# Implementation of an OLS solver

In this exercise, you will implement your own function for solving OLS regression problems in Python.

The function takes the data samples in matrix-form ($X$, $y$) as inputs and returns the minimizing solution $\beta$ as well as the remaining error $\mathcal{L}(\beta)$.

In [1]:
# Imports
import sys
sys.path.append(r'C:\Users\tscha\BAML\.venv\Lib\site-packages')
import numpy as np
import pandas as pd
from sklearn.linear_model import LinearRegression

## Exercise a)

Implement the function.

In [2]:
def fit_parameters(X, y):
    """Compute optimal parameters by least-squares regression.

    Args:
        X (np.ndarray): The input variables, containing intercept variables if required.
        y (np.ndarray): The target variables.

    Returns:
        np.ndarray: The parameter vector (beta)
        float: The remaining loss
    """
    # Solve X^T * X * beta = X^T * y
    # The @ operator performs a matrix multiplication.
    beta = np.linalg.solve(X.T @ X, X.T @ y)
    predicted = X @ beta
    loss = np.square(predicted - y).sum()
    return beta, loss

## Exercise b)

For our provided toy data set (*ols-implementation-data.csv*), find the optimal regression parameters with the help of your implementation.

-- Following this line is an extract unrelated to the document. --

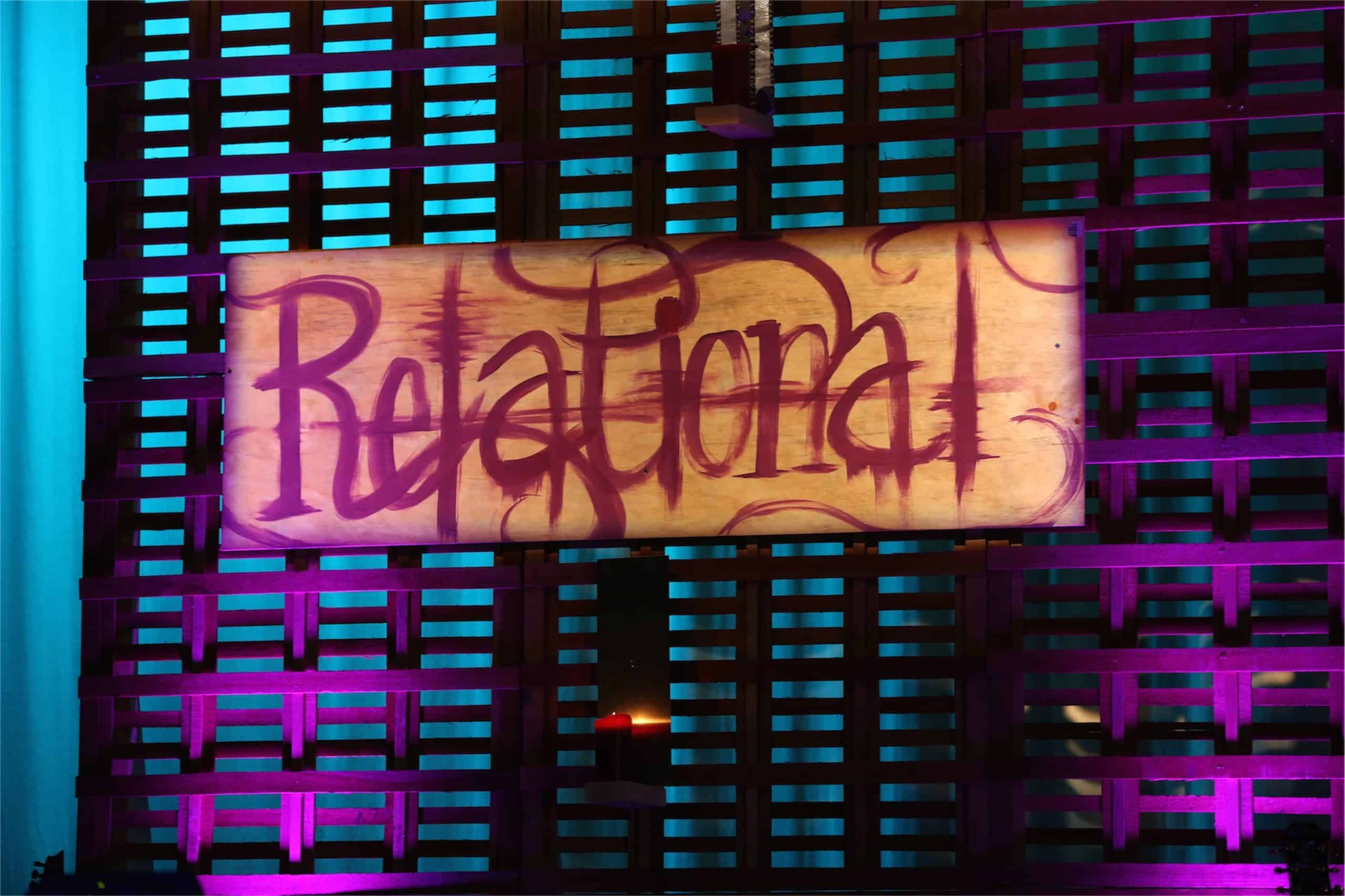 Alex and her team found some interesting wood pallets for $1 a piece. They were quite different than the standard pallet, which she liked, and they were so versatile that she knew they could use them for future projects as well. They bought 40 of them and built a 4 high x 8 wide grid and two stand alone towers that were 1 wide x 8 high. They used 2 x 4s and ¼ inch plywood for assembly and support. Floor LED’s uplit the wall from the front to add dimension.
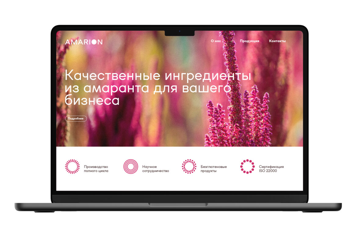 Каждое из направлений деятельности Amarion — B2B-продукция, исследования, продукты из амаранта и выращивание амаранта — получило свое название: pro, lab, prod и agro соответственно.

Don't forget to add a variable for the intercept parameter!

In [3]:
# Load dataset
data = pd.read_csv("ols-implementation-data.csv")
X = data[["x1", "x2"]].to_numpy()
y = data["y"].to_numpy()

# Add intercept variables
X_with_intercept = np.hstack([np.ones([X.shape[0], 1]), X])

# Find optimal parameter values
beta, loss = fit_parameters(X_with_intercept, y)
print(f"Parameters by our model: {beta}")
print(f"Loss by our model: {loss:.2f}\n")

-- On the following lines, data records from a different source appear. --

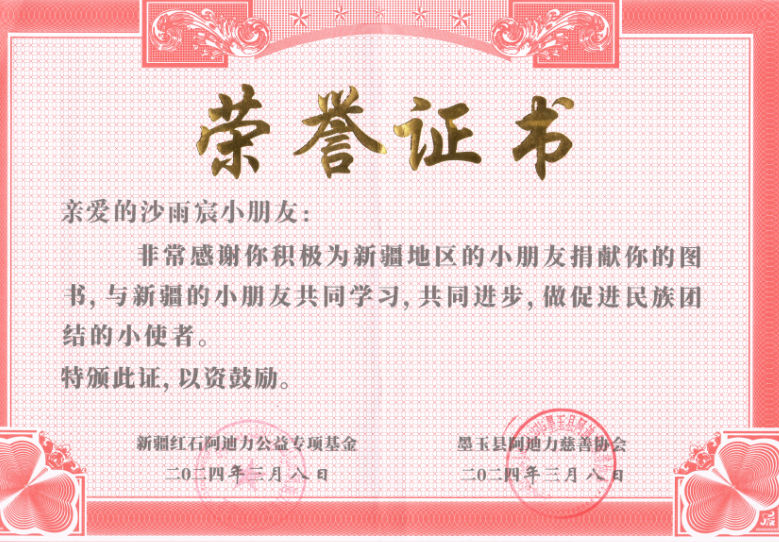 她还是个热爱公益,促进民族团结的小使者。沙雨宸出生于全国文明家庭和两代全国最美家庭,在良好家风浸润下,主动与新疆家庭结对帮扶,坚持为新疆小朋友赠送图书。常年坚持给独居老人送饺子,帮老人做家务;践行绿色环保,参加“垃圾分类家行动”。
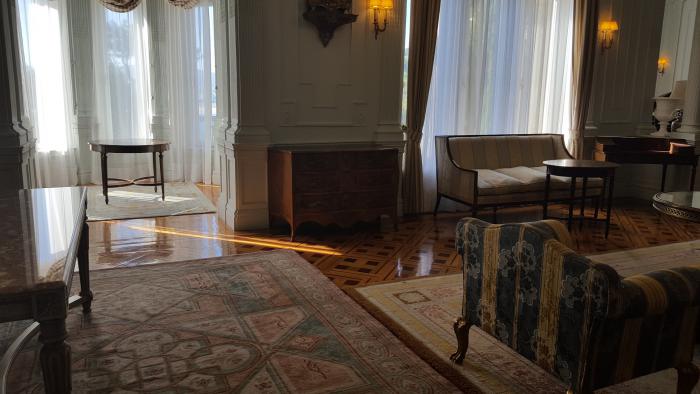 Дворец расположен на небольшом полуостровке, куда запускают только туристические автобусы и служебные автомобили. Отдыхающие местные жители тоже там прогуливаются и даже приторачивают гамаки в отдалённых местах. Маршрут обозначен пупырышками на плане.
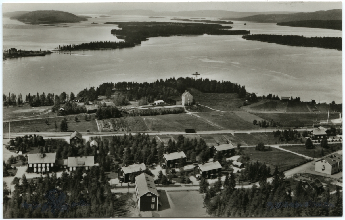 Titel: Flygbild över Storumans samhälle och bangård.
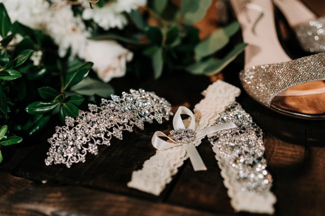If you have some leftover wedding decor like strips of fabric, flower petals, or lace, you can also set these out. Your photographer may use these in the flat lay with your accessories to tie in your wedding colors.
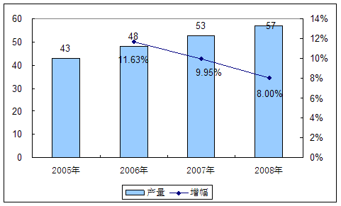 全球铝质气雾罐产量近几年来一直在平稳增加,2005年产量达43亿只,2006年产量达48亿只,而2007年全球铝质气雾罐产量已经超过50亿只。2008年全球气雾剂总产量为131亿罐,其中铝气雾罐57亿罐,占44%。
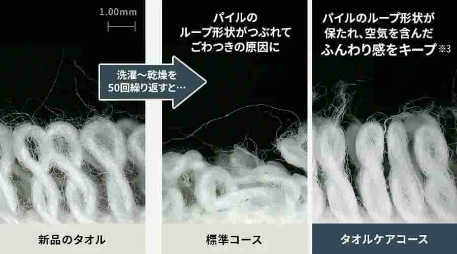 ES-12X1には、タオルケアコースが新たに搭載されました。このコースは、全工程でタオルを優しく処理し、特に乾燥時には約50℃の低温風でパイルを潰さずにふんわりと仕上げます。

Parameters by our model: [47.81880739 -0.25241394  3.38759361]
Loss by our model: 96199.44



## Exercise c)

Repeat b) with the aid of scikit-learn [``LinearRegression``](https://scikit-learn.org/stable/modules/generated/sklearn.linear_model.LinearRegression.html) and verify your solution.

In [4]:
# Using scikit-learn
model = LinearRegression(fit_intercept=True)
model.fit(X, y)
beta_skl = np.array([model.intercept_, *model.coef_])
y_pred_skl = model.predict(X)
loss_skl = np.square(y_pred_skl - y).sum()
print(f"Parameters by scikit-learn: {beta_skl}")
print(f"Loss by scikit-learn: {loss_skl:.2f}")

Parameters by scikit-learn: [47.81880739 -0.25241394  3.38759361]
Loss by scikit-learn: 96199.44


## Exercise d)

How much of the total variance can you explain with your model? Compute the R^2 measure. What happens if you forget about the intercept? How does the R^2 measure compare?

In [5]:
# R^2 measure
tss = np.square(y - y.mean()).sum()
rss = np.square(X_with_intercept @ beta - y).sum()
R2 = 1 - rss/tss
print(f"R2 with intercept: {R2:.3f}\n")

R2 with intercept: 0.554



In [6]:
# Without intercept
beta, loss = fit_parameters(X, y)
tss = np.square(y - y.mean()).sum()
rss = np.square(X @ beta - y).sum()
R2 = 1 - rss/tss
print(f"Parameters without intercept: {beta}")
print(f"R2 without intercept: {R2:.3f}\n")

Parameters without intercept: [-0.24122558  4.03669799]
R2 without intercept: -0.485



## Exercise e)

The computed R^2 value is not very good (even with the intercept). What could be the reason?

**Solution**: The model choice could be an inadequate match. Nonlinear transformations of the input variables (i.e. generalized least squares) could provide a better solution. With quadratric terms, the fit is much better:

In [7]:
## Extra: Fitting with generalized linear regression
# We add additional quadratic terms to our model 
X_GLS = np.hstack([X_with_intercept, np.square(X)])
beta, loss = fit_parameters(X_GLS, y)
print(f"Parameters with squared terms: {beta}")
print(f"Loss by our model: {loss:.2f}")

tss = np.square(y - y.mean()).sum()
rss = np.square(X_GLS @ beta - y).sum()
R2 = 1 - rss/tss
print(f"R2 of GLS: {R2:.3f}")

Parameters with squared terms: [ 2.20087707e+01 -1.00142510e+00  3.00182908e+00  2.48549853e-01
  3.75508163e-03]
Loss by our model: 1014.96
R2 of GLS: 0.995